## DIRECTIONS
Word for word, reproduce the records, keeping none of the pictures.

[Items from a dataset]
:::

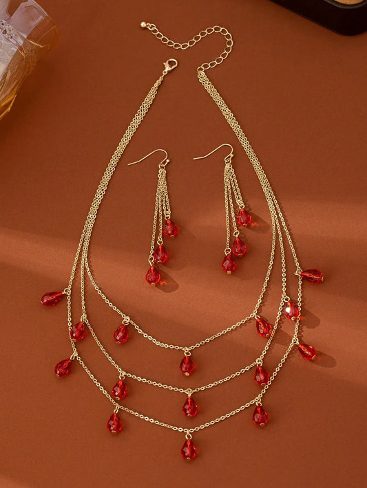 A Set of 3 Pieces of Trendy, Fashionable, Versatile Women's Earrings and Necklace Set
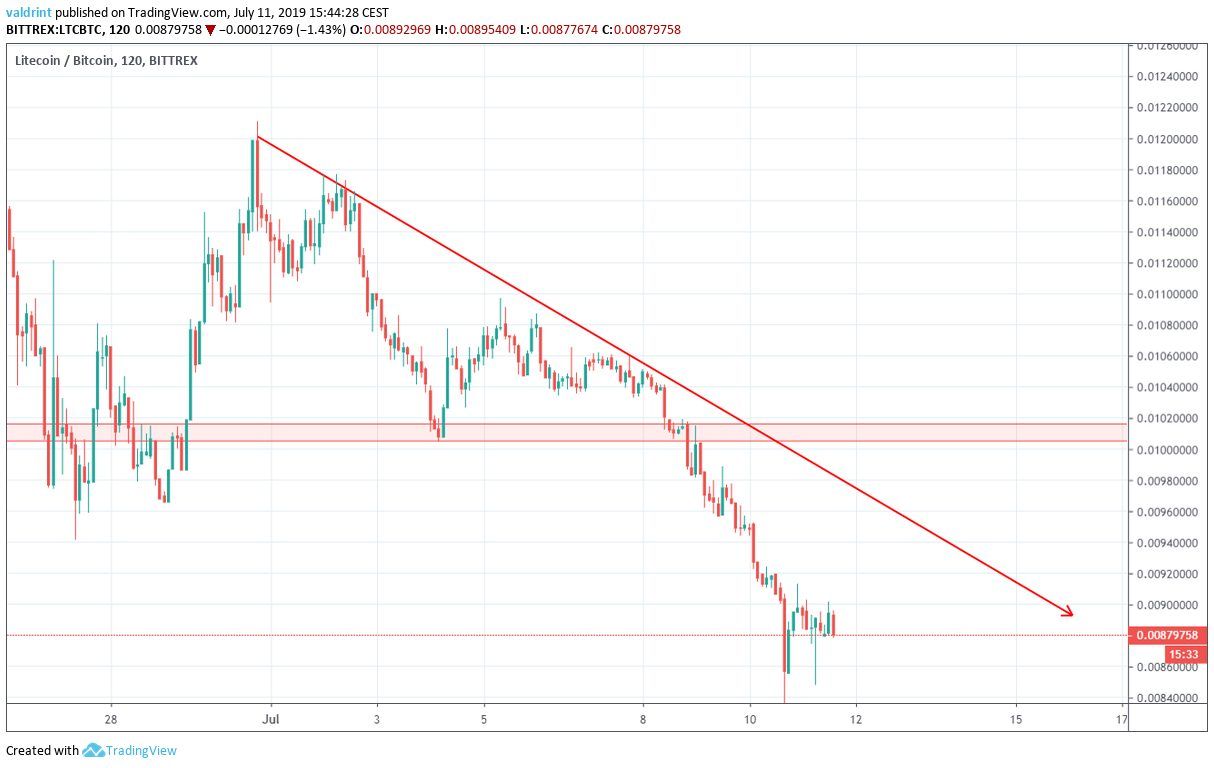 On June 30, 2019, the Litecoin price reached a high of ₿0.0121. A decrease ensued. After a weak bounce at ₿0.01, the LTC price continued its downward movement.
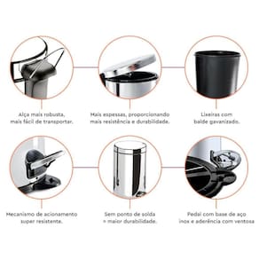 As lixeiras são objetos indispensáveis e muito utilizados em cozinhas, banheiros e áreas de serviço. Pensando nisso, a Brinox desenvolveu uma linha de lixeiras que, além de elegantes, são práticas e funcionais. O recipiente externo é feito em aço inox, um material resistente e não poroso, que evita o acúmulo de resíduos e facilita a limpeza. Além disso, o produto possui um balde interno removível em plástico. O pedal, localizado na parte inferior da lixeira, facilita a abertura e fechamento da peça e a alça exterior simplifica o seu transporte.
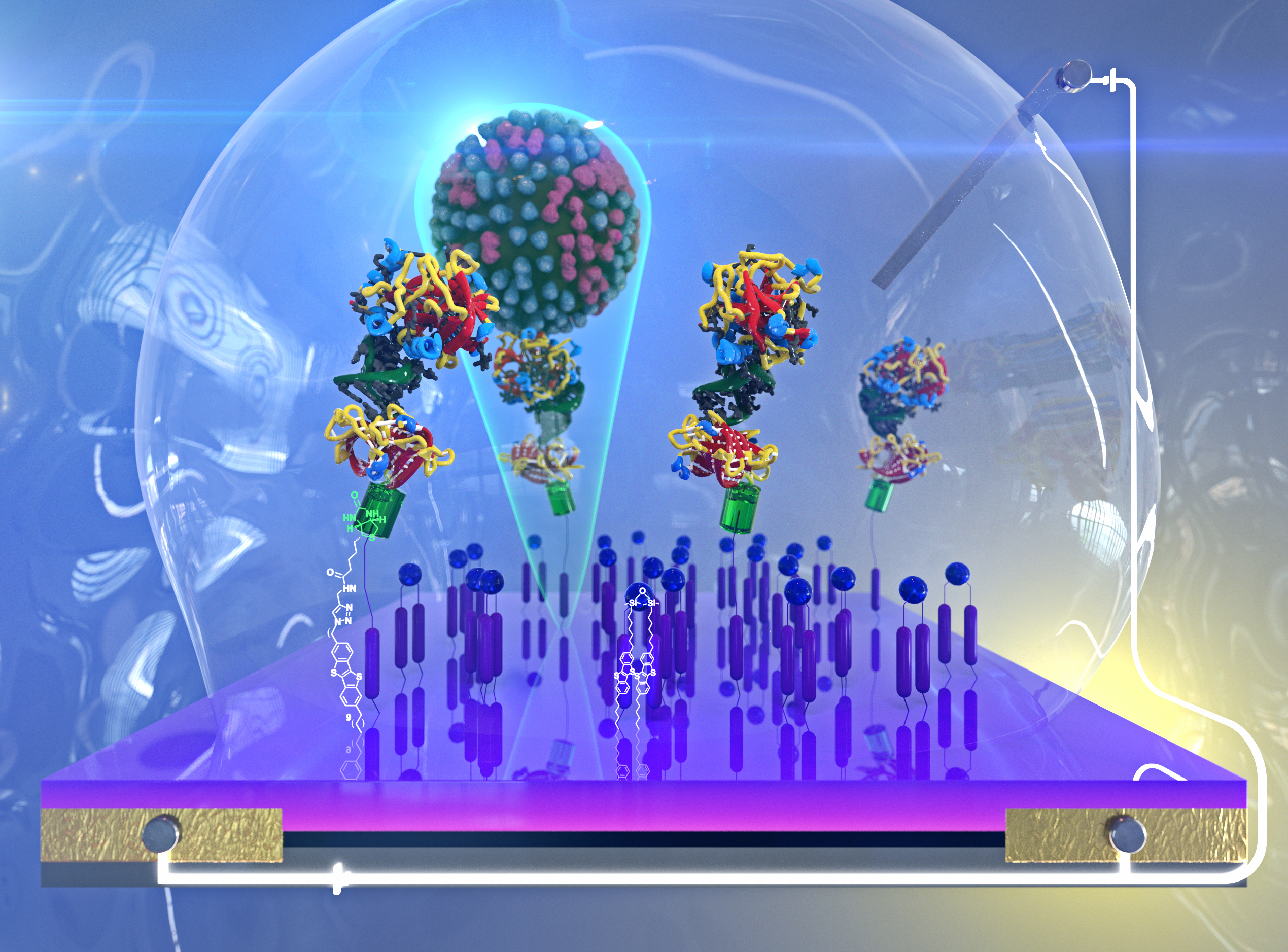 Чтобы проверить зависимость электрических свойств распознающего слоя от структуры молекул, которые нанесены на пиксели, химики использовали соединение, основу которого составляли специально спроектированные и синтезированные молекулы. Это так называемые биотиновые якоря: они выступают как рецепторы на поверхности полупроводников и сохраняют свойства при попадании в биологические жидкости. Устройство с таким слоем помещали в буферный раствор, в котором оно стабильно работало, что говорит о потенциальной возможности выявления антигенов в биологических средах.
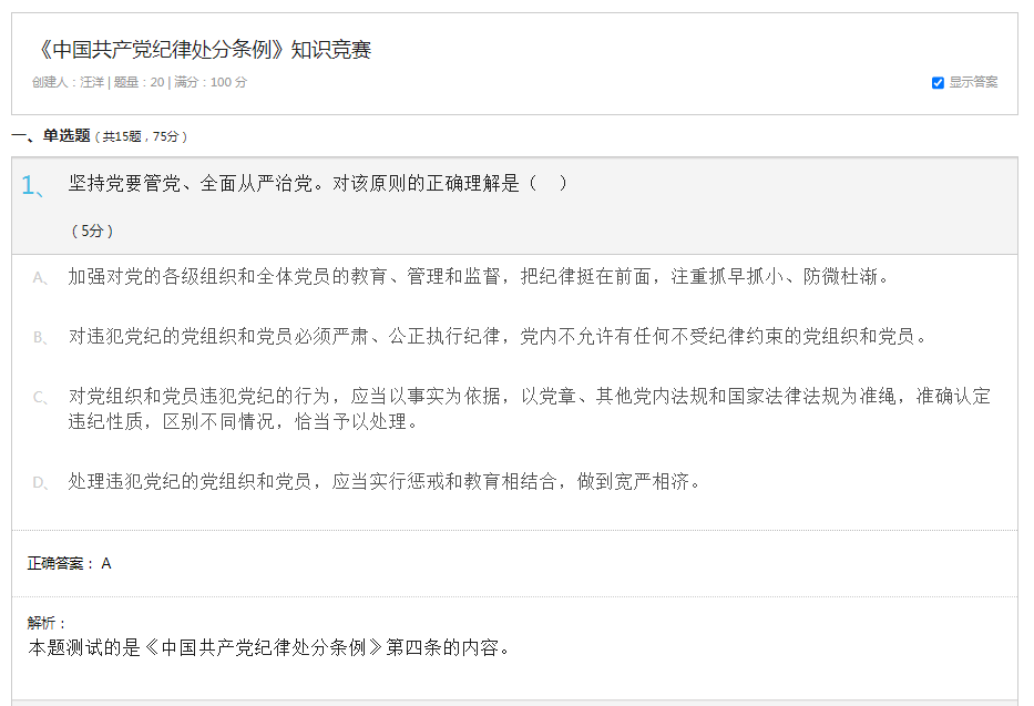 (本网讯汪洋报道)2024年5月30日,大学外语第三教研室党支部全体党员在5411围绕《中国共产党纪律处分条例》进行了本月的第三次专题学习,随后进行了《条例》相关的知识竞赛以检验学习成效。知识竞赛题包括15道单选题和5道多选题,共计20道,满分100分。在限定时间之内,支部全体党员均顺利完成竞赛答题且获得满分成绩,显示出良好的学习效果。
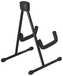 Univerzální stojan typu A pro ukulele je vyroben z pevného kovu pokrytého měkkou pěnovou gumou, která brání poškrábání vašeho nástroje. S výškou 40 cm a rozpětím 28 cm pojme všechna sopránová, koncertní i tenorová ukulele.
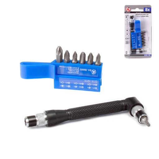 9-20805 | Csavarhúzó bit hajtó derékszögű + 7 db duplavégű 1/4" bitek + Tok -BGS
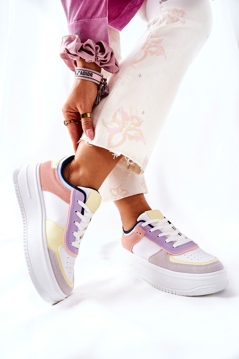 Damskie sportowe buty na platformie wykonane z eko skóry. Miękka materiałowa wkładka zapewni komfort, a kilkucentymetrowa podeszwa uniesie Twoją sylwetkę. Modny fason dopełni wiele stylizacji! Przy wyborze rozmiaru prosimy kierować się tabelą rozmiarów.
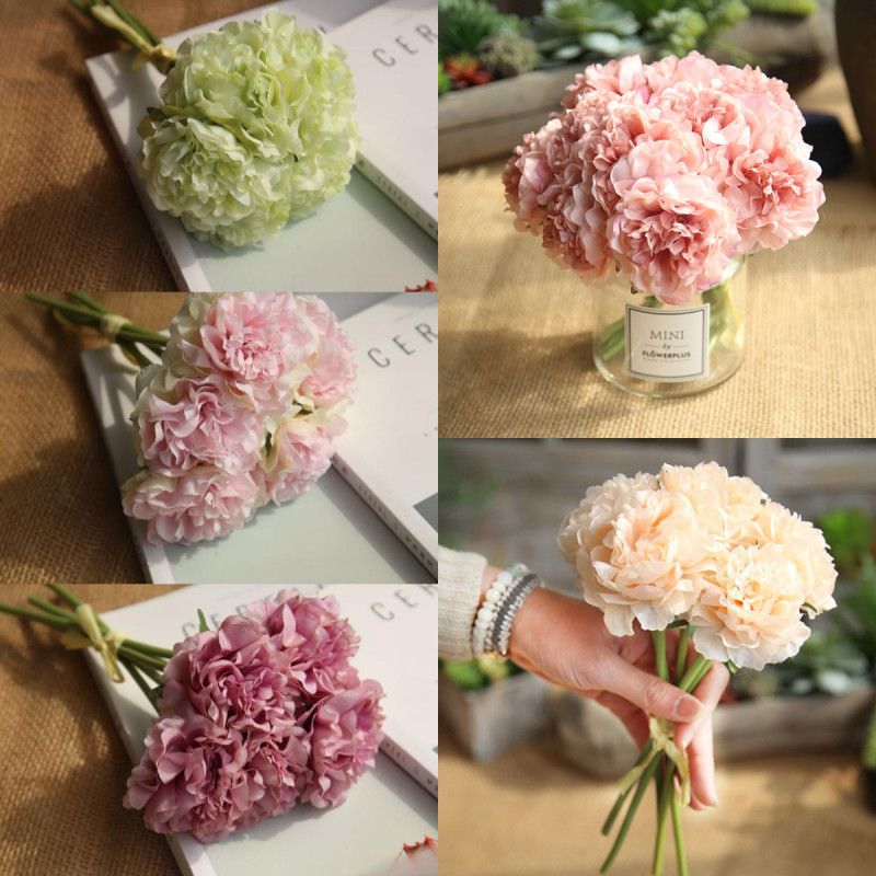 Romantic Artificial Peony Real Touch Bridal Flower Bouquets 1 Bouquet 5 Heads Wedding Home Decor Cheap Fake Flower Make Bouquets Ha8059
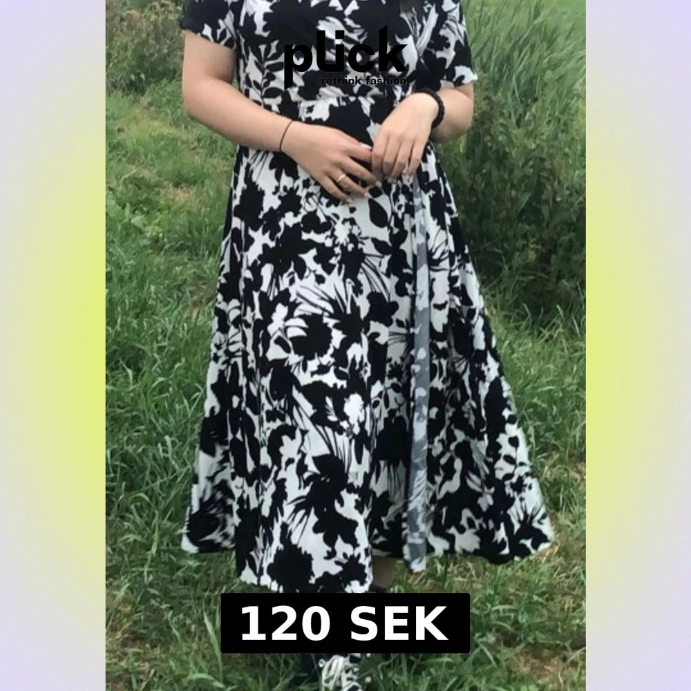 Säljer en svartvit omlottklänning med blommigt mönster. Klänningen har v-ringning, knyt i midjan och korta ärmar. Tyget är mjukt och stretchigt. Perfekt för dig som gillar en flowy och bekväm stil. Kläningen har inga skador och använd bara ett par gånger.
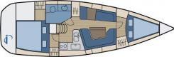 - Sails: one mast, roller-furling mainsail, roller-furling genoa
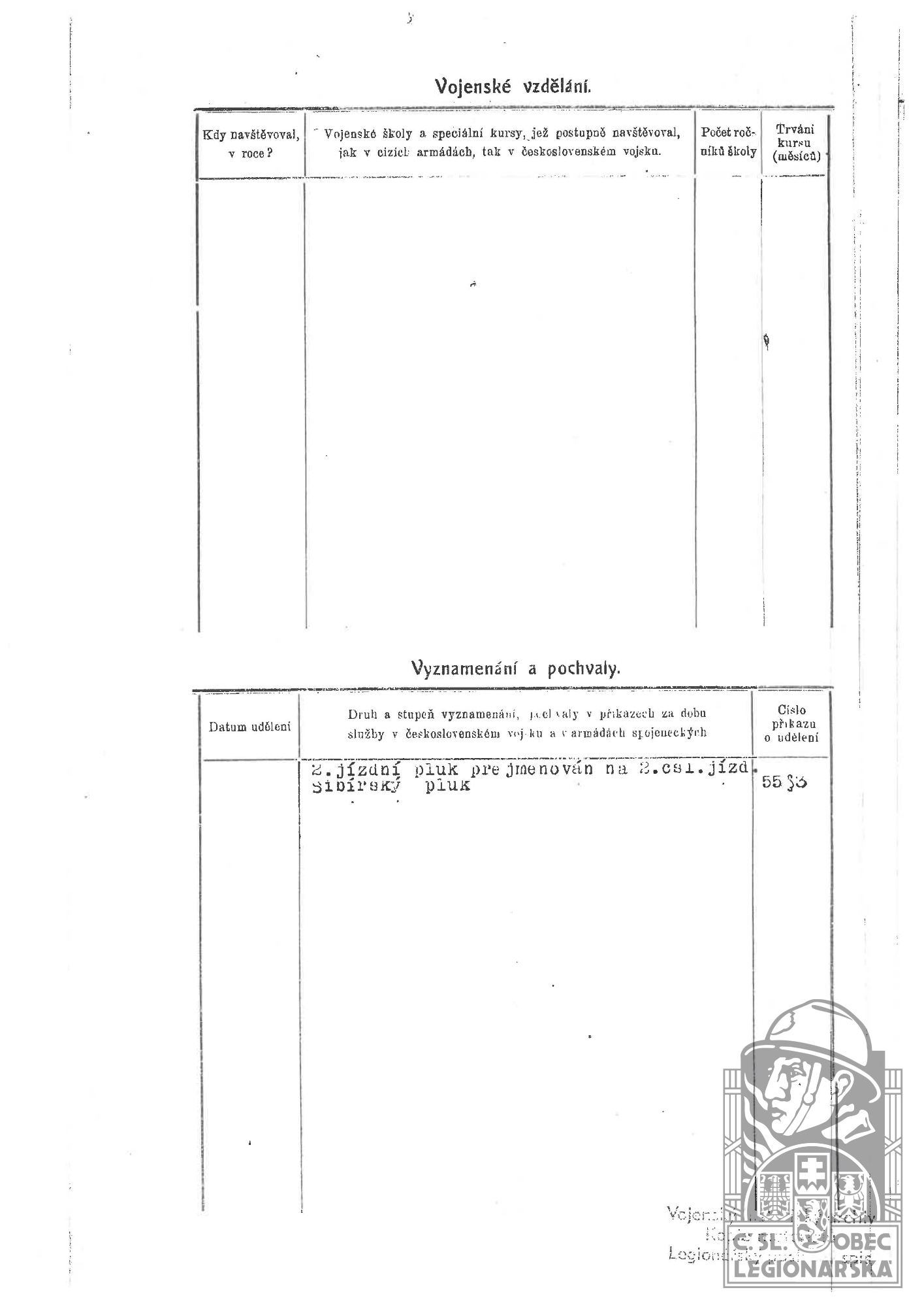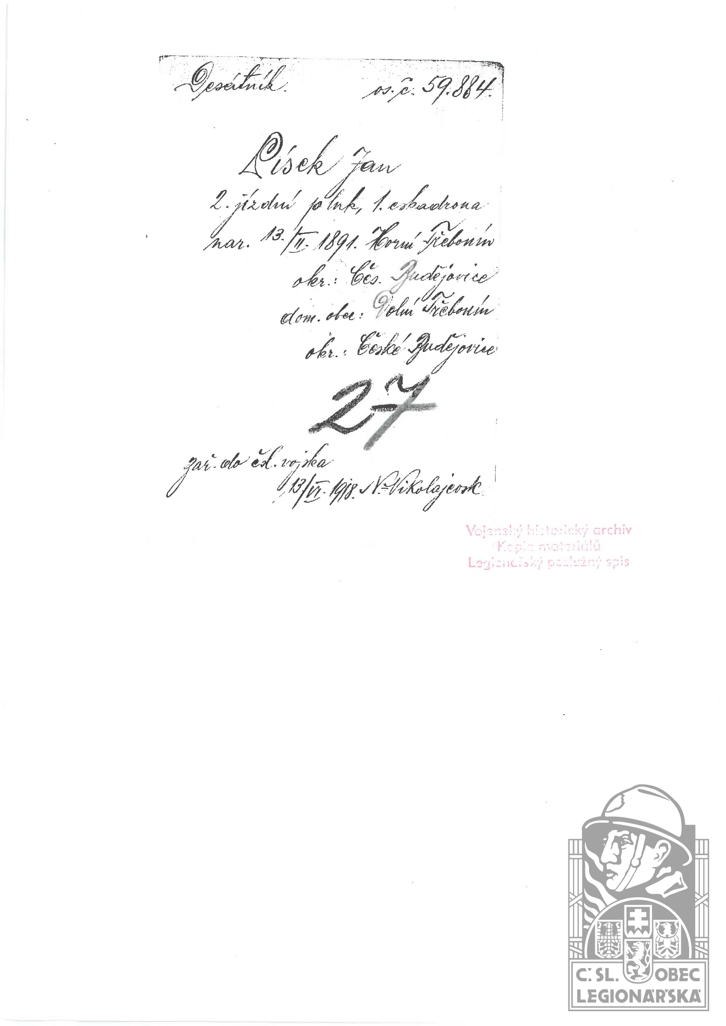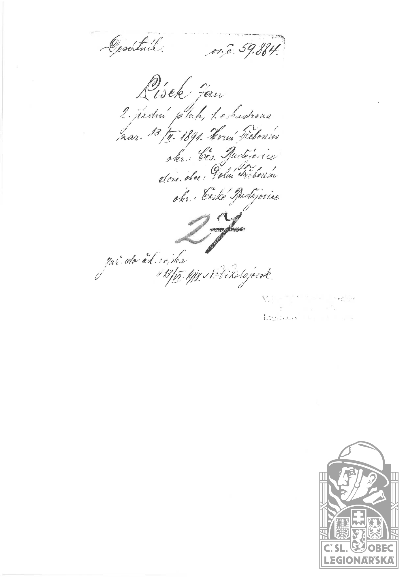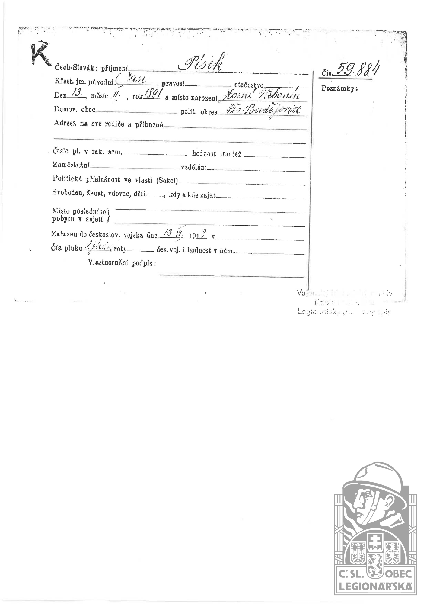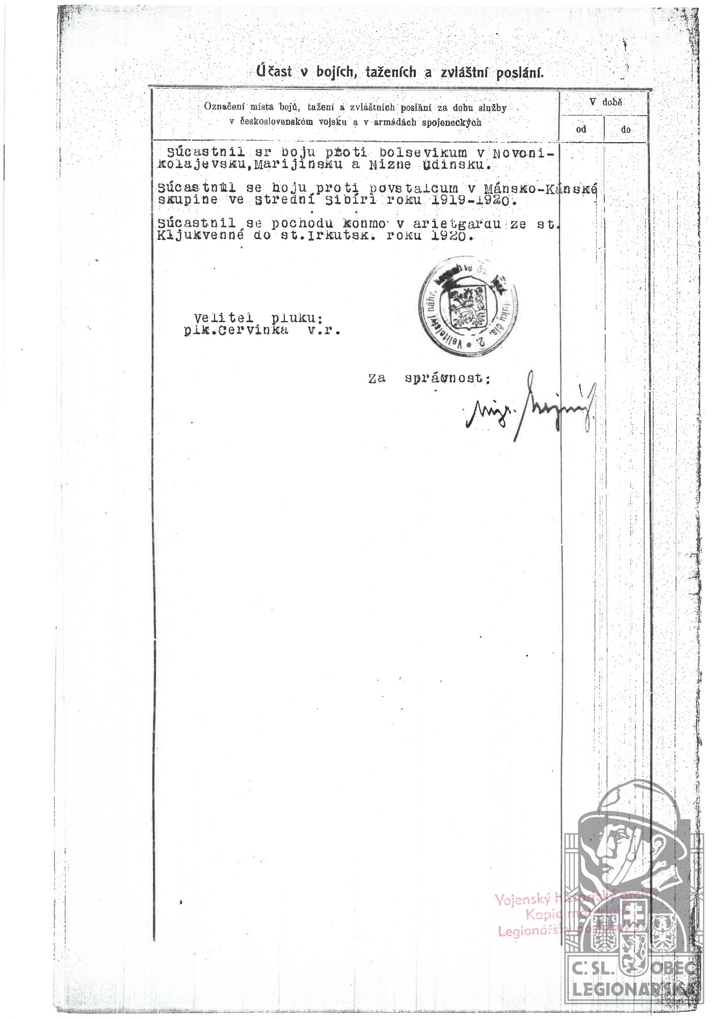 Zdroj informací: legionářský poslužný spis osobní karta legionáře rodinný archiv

:::

## SOLUTION FOR THIS TASK
 A Set of 3 Pieces of Trendy, Fashionable, Versatile Women's Earrings and Necklace Set
 On June 30, 2019, the Litecoin price reached a high of ₿0.0121. A decrease ensued. After a weak bounce at ₿0.01, the LTC price continued its downward movement.
 As lixeiras são objetos indispensáveis e muito utilizados em cozinhas, banheiros e áreas de serviço. Pensando nisso, a Brinox desenvolveu uma linha de lixeiras que, além de elegantes, são práticas e funcionais. O recipiente externo é feito em aço inox, um material resistente e não poroso, que evita o acúmulo de resíduos e facilita a limpeza. Além disso, o produto possui um balde interno removível em plástico. O pedal, localizado na parte inferior da lixeira, facilita a abertura e fechamento da peça e a alça exterior simplifica o seu transporte.
 Чтобы проверить зависимость электрических свойств распознающего слоя от структуры молекул, которые нанесены на пиксели, химики использовали соединение, основу которого составляли специально спроектированные и синтезированные молекулы. Это так называемые биотиновые якоря: они выступают как рецепторы на поверхности полупроводников и сохраняют свойства при попадании в биологические жидкости. Устройство с таким слоем помещали в буферный раствор, в котором оно стабильно работало, что говорит о потенциальной возможности выявления антигенов в биологических средах.
 (本网讯汪洋报道)2024年5月30日,大学外语第三教研室党支部全体党员在5411围绕《中国共产党纪律处分条例》进行了本月的第三次专题学习,随后进行了《条例》相关的知识竞赛以检验学习成效。知识竞赛题包括15道单选题和5道多选题,共计20道,满分100分。在限定时间之内,支部全体党员均顺利完成竞赛答题且获得满分成绩,显示出良好的学习效果。
 Univerzální stojan typu A pro ukulele je vyroben z pevného kovu pokrytého měkkou pěnovou gumou, která brání poškrábání vašeho nástroje. S výškou 40 cm a rozpětím 28 cm pojme všechna sopránová, koncertní i tenorová ukulele.
 9-20805 | Csavarhúzó bit hajtó derékszögű + 7 db duplavégű 1/4" bitek + Tok -BGS
 Damskie sportowe buty na platformie wykonane z eko skóry. Miękka materiałowa wkładka zapewni komfort, a kilkucentymetrowa podeszwa uniesie Twoją sylwetkę. Modny fason dopełni wiele stylizacji! Przy wyborze rozmiaru prosimy kierować się tabelą rozmiarów.
 Romantic Artificial Peony Real Touch Bridal Flower Bouquets 1 Bouquet 5 Heads Wedding Home Decor Cheap Fake Flower Make Bouquets Ha8059
 Säljer en svartvit omlottklänning med blommigt mönster. Klänningen har v-ringning, knyt i midjan och korta ärmar. Tyget är mjukt och stretchigt. Perfekt för dig som gillar en flowy och bekväm stil. Kläningen har inga skador och använd bara ett par gånger.
 - Sails: one mast, roller-furling mainsail, roller-furling genoa
 Zdroj informací: legionářský poslužný spis osobní karta legionáře rodinný archiv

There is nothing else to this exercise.